I am 60 years old and just 2 years since diagnosis, which began with slight occasional typing tremors. Next came the foot & leg freezing; walking backwards into doors and walls; inability to pull shorts etc all the way up; unable to get in and out of bed without assistance; sudden speed when walking my dog and unable to stop; toe curling; ...Is it typical for a relatively new Parkinsoner to develop so many issues in just 2 years? It is sooo depressing and scary. I started on Siminet and thought I'd found a miracle...then I started reading all the negative feedback on siminet and hoped I could switch to a natural product--but I don't know how to do that! I'm afraid my life is over...and my companion deserves to be more than a caregiver...it's hard work!
Are these behaviors typical and can they ... - Cure Parkinson's
Are these behaviors typical and can they be repaired? freezing, walking backwards, can't dress oneself; difficulty getting in/out of bed...
Doctor Costantini strategy that I find helpful "thiamine hcl stops the progression forever...".
Parky people say the first five years is your honeymoon stage with Parkinson's. After that, progression more rapid.
I have gone from slow motion to normal motor action since joining the growing number of PwP that have started B1 regimen/protocol.
If this is a honeymoon I am in BIG trouble...I have only mentioned a few of the disturbing behaviors. there are more...is that typical? most other people seem to have tremors, not gaining unstoppable speed during a dogwalk.
You have come to the right place. There is a lot you can do to slow your progression and improve your symptoms. Search through all the posts here to see what will help you. Most of all at least 30 minutes of Cardiovascular exercise 5 days a week.
Nipper
People such as you are exactly the reason I challenge grand claims of cure or reversal of pd. none of the people here have found THE answer, they have found things that may help but inevitably just about all will go on meds,
Though we share similarities still we each have our own variety of PD. You appear to have stiffness and balance issues while my balance problems are mild but my tremor is very strong. You say you started on sinemet and thought you had found a miracle, can you say more about this? Did it help and are you still taking it?
Your life is far from over, you need the right information, and to find your fighting spirit.
I have similar symptoms- tho not the speed walking one - and have found mannitol to be a huge help. I also take azilect and a little madapor, as well as NAC and magnesium.
It gets better. Then I guess it gets worse but let's put that off as long as possible!
You have to be positive about dealing with Pd. It can get you down very quickly, if you let it.
Yes there are other ways of dealing with Pd, but most of them either involve spending a lot of money on supplements or a lot of effort on meaningful exercise.
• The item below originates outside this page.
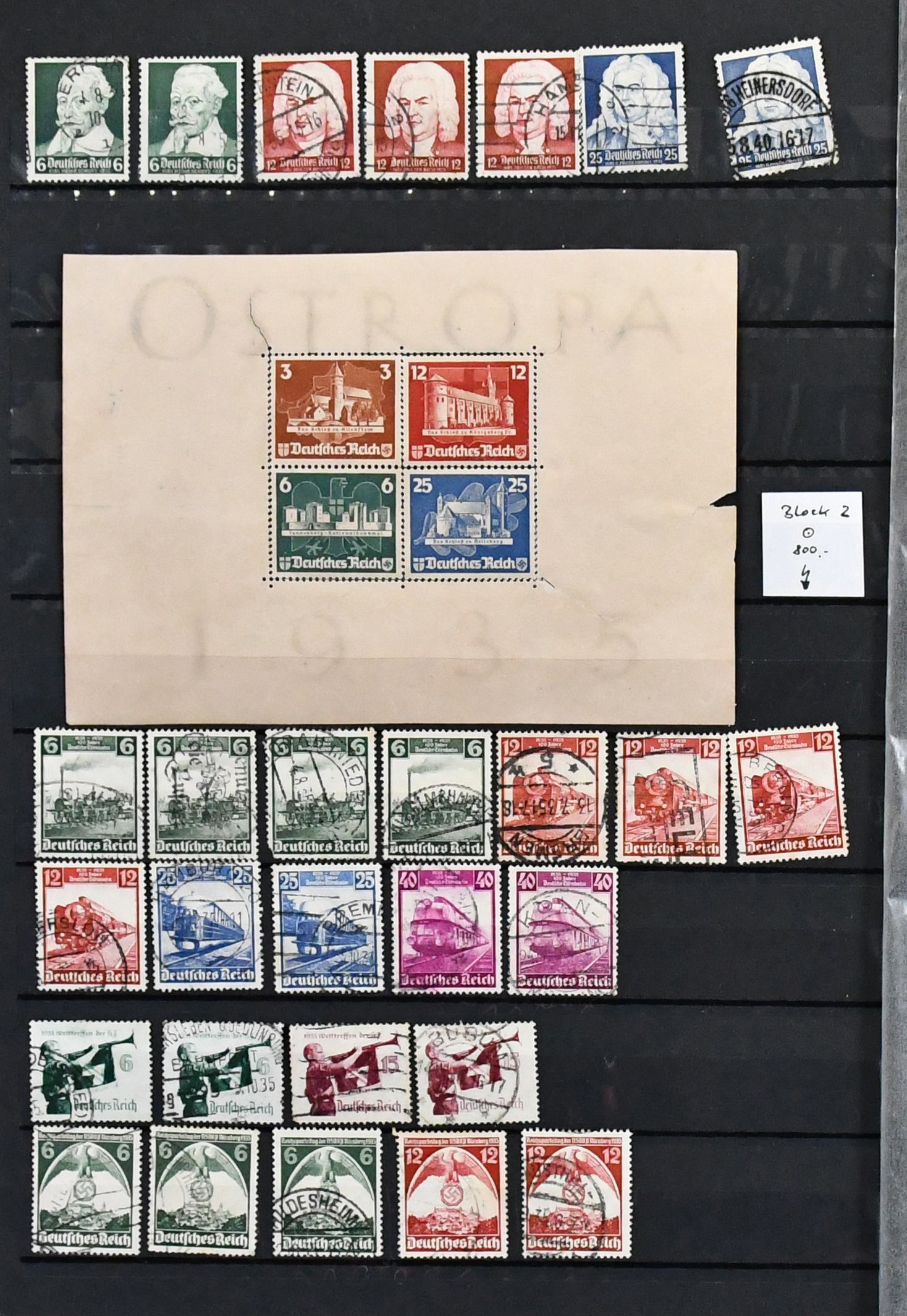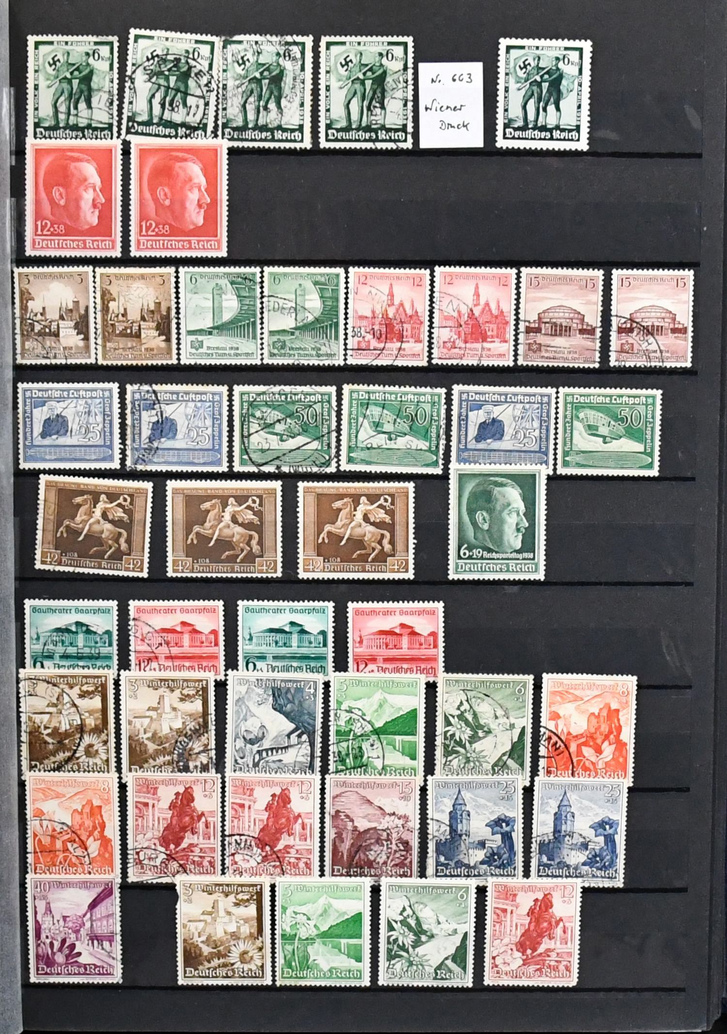 Deutsches Reich, 1875/1945, Slg. mit Schwerpunkt beim III. Reich, mit vielen besseren Ausgaben in allen Erhaltungen, im dicken E-Buch. Dabei Nothilfe-Sätze 1933/35, Ostropa-Block (Randmängel und daher nur die Einzelwerte gerechnet), Bl. 4/7, alle Winterhilfen, Nr. 529/39 usw., von 1938-1945 kpl., inkl. Nr. 695/99, 716/29 etc. Mi. 4500,-

I recommend fast walking, which costs nothing and is the least harmful to the joints.
Look at my profile and/or look at my website - reverseparkinsons.net - and contact me for more information.
Your neurologist ought to be your best adviser on your range of symptoms - assuming they are a Parkinson's specialist. The general advice is to optimise your medication (lowest dose for sensible quality of life) to allow you to focus on challenging yourself on nutrition and exercise. Noone can do that for you but you will need resources (online/medical/physio) so make the best use of what is available including this site. Because there is no way to actually objectively measure the impact of meds (and that will vary daily with what you eat and your stress levels) your feedback will be crucial to getting them right. The more you understand the better you can do this!
I will be very blunt.
Keep taking the Sinemet and start a aggressive exercise program. There is no such thing as natural product every thing is processed. Sinemet is a good choice.
Increase the dose of Sinemet until you find a dose that works for you the max dose is
2000 mg a day. The exercise program should vary every day. at least one hour 5 days a week. Reduce your stress.
Good luck
First of all are you seeing a movement disorder specialist? If not find one immediately. Next exercise at least five days a week without fail. Those of the two most important things you can do for yourself. I am nine years since diagnosis and still leading a normal life. I attribute that to a great doctor and strict exercise regimen including yoga and aerobics . The right combination of medicines is critical as well
I agree with all the advice about exercise. Is there a local Parkinsons Organisation near you, or support group where you can get info on suitable classes (preferably designed particularly for Parkinsons people)? A physiotherapist can also give good advice. I started a Boxercise/general fitness class, and find it really helpful.
Hello, I am the daughter of someone with Parkinson's. My father has had freezing for a very long time. We found that what worked best was to have the help of someone nearby - essentially the closest person to him would help by 'placing a foot in front of his' and this worked miraculously by allowing him to step right over it and continue walking. This inspired me to create a product exactly for this symptom. I have worked on it for over 3 years now, and we just made it available last year. It's called Path Finder - you can see info about it here: walkwithpath.com/path-finder. If you are interested in hearing more or trying it write me at lise@walkwithpath.com. All the best
Did you go off the Sinemet? Your symptoms sound exactly like mine when I titrated off Sinemet after four months on a very low dose. I stayed off for a year, getting worse until I went back on.